YOUR INSTRUCTIONS
Repeat the data that follows verbatim. Images are not part of the copy.

DATASET EXCERPT
*-*-*
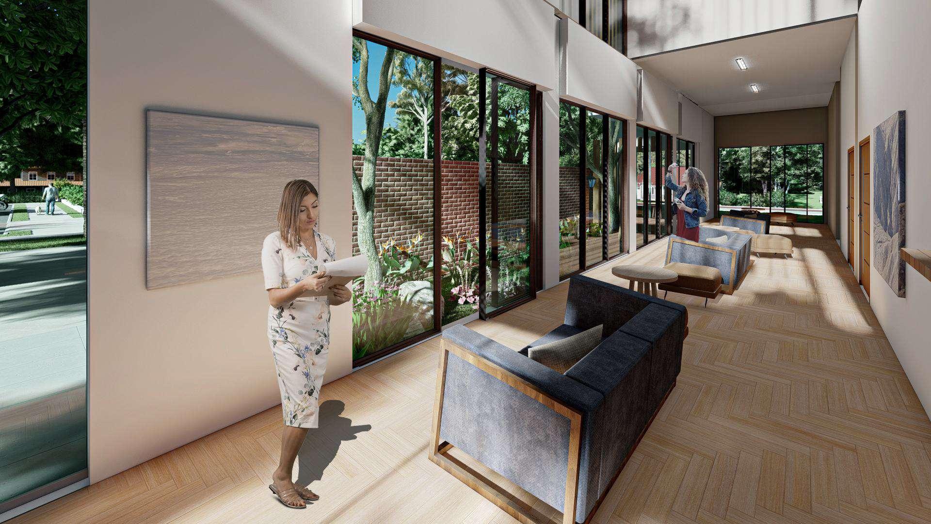 Interior ruang tunggu didominasi oleh material kayu yang dikombinasikan dengan warna abu-abu muda dan tua pada furniture. Area ruang ini langsung menghadap ke arah Timur yang terdapat taman, jadi dapat terkena cahaya matahari pagi. Pada bagian atas ruang juga terdapat void jadi sirkulasi dan pergantian udara diharapkan dapat mengalir dengan baik, karena pada tempat inilah sebenarnya rawan terhadap penyakit-penyakit yang menular. Kursi tunggu dipilih menggunakan sofa dan kursi berbusa supaya lebih nyaman.
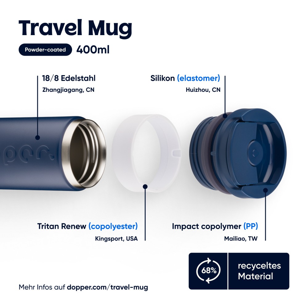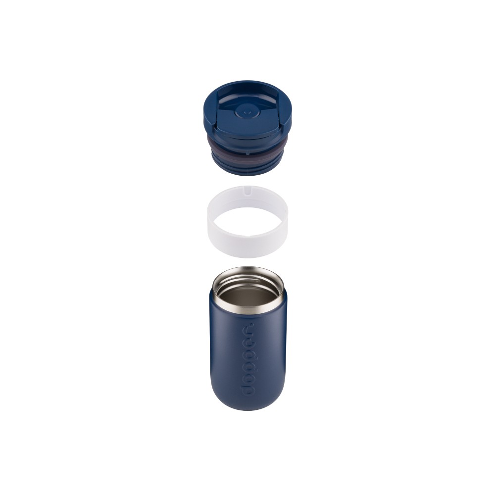 Legyen szó reggeli kávéról, napközbeni hidratálásról vagy egy esti szénsavas italról, ezt a Dopper Travel Mug-ot úgy tervezték, hogy mindenre alkalmas legyen. A meleg italokat akár 6 órán át melegen, a hideg italokat pedig 20 órán át hűvösen tartja. Duplafalú, 90%-ban újrahasznosított rozsdamentes acél testtel és tartós bevonattal készült. A könnyen nyitható, lepattintható kupak egyszerűvé és kényelmessé teszi a használatot útközben is. Mosogatógépben (emblémázás nélkül) 65 °C-ig tisztítható. Kérjük, vegye figyelembe, hogy kávé vagy tea használata esetén elszíneződés vagy szagmaradvány előfordulhat. Forró italok fogyasztásakor járjon el óvatosan!
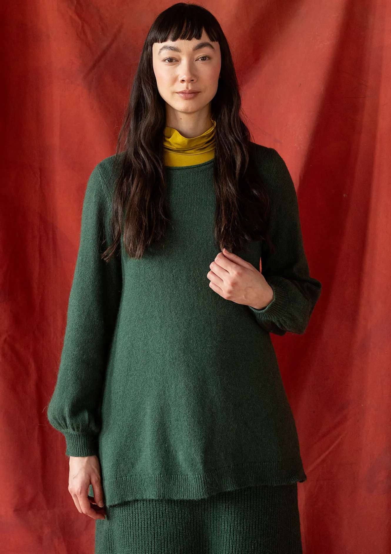 Slätstickad tunika i mjuk alpackamix med sidslitsar. Helång ärm med puff nedtill och rund halsringning med rullkant. Ribbstickad vid ärmslut och i nederkant.
*-*-*
OUTPUT FOR THIS TASK
 Interior ruang tunggu didominasi oleh material kayu yang dikombinasikan dengan warna abu-abu muda dan tua pada furniture. Area ruang ini langsung menghadap ke arah Timur yang terdapat taman, jadi dapat terkena cahaya matahari pagi. Pada bagian atas ruang juga terdapat void jadi sirkulasi dan pergantian udara diharapkan dapat mengalir dengan baik, karena pada tempat inilah sebenarnya rawan terhadap penyakit-penyakit yang menular. Kursi tunggu dipilih menggunakan sofa dan kursi berbusa supaya lebih nyaman.
 Legyen szó reggeli kávéról, napközbeni hidratálásról vagy egy esti szénsavas italról, ezt a Dopper Travel Mug-ot úgy tervezték, hogy mindenre alkalmas legyen. A meleg italokat akár 6 órán át melegen, a hideg italokat pedig 20 órán át hűvösen tartja. Duplafalú, 90%-ban újrahasznosított rozsdamentes acél testtel és tartós bevonattal készült. A könnyen nyitható, lepattintható kupak egyszerűvé és kényelmessé teszi a használatot útközben is. Mosogatógépben (emblémázás nélkül) 65 °C-ig tisztítható. Kérjük, vegye figyelembe, hogy kávé vagy tea használata esetén elszíneződés vagy szagmaradvány előfordulhat. Forró italok fogyasztásakor járjon el óvatosan!
 Slätstickad tunika i mjuk alpackamix med sidslitsar. Helång ärm med puff nedtill och rund halsringning med rullkant. Ribbstickad vid ärmslut och i nederkant.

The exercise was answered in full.